Transcribe the listing exactly; drop the images.

Dataset content ▸
▬▬▬▬▬▬
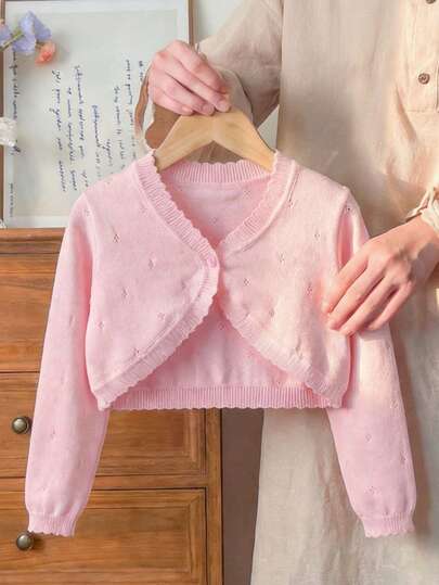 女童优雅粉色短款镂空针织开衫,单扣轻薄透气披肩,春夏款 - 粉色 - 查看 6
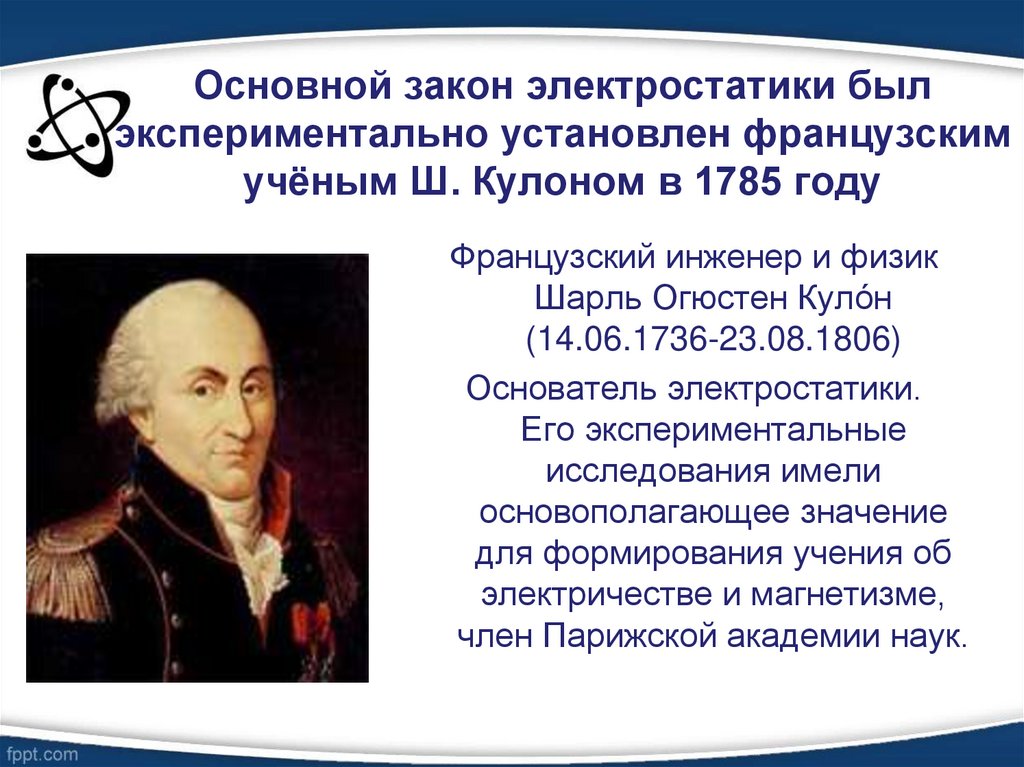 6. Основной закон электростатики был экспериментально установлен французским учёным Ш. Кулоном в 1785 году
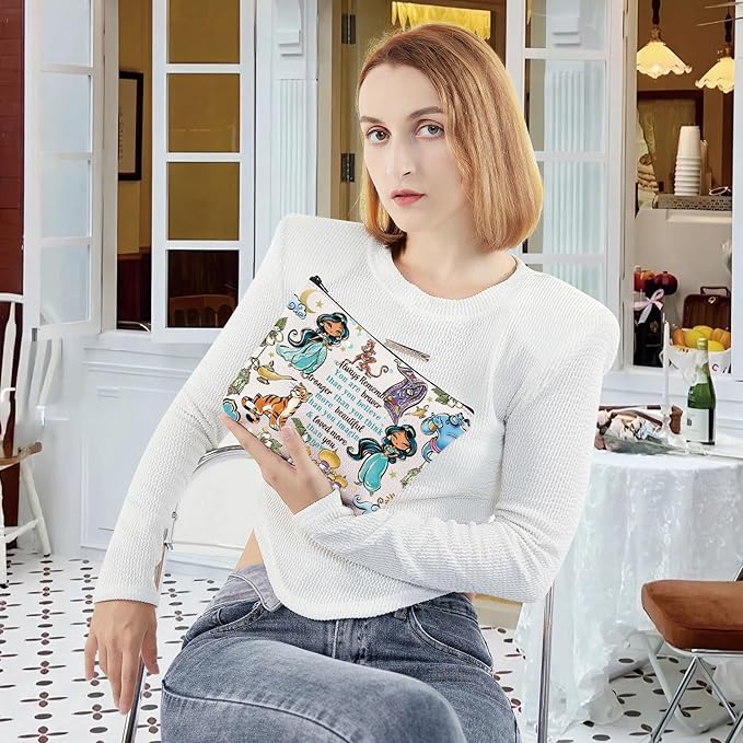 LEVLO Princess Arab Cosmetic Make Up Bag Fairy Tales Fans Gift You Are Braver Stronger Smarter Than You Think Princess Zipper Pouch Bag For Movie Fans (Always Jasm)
▬▬▬▬▬▬
Response ▸
 女童优雅粉色短款镂空针织开衫,单扣轻薄透气披肩,春夏款 - 粉色 - 查看 6
 6. Основной закон электростатики был экспериментально установлен французским учёным Ш. Кулоном в 1785 году
 LEVLO Princess Arab Cosmetic Make Up Bag Fairy Tales Fans Gift You Are Braver Stronger Smarter Than You Think Princess Zipper Pouch Bag For Movie Fans (Always Jasm)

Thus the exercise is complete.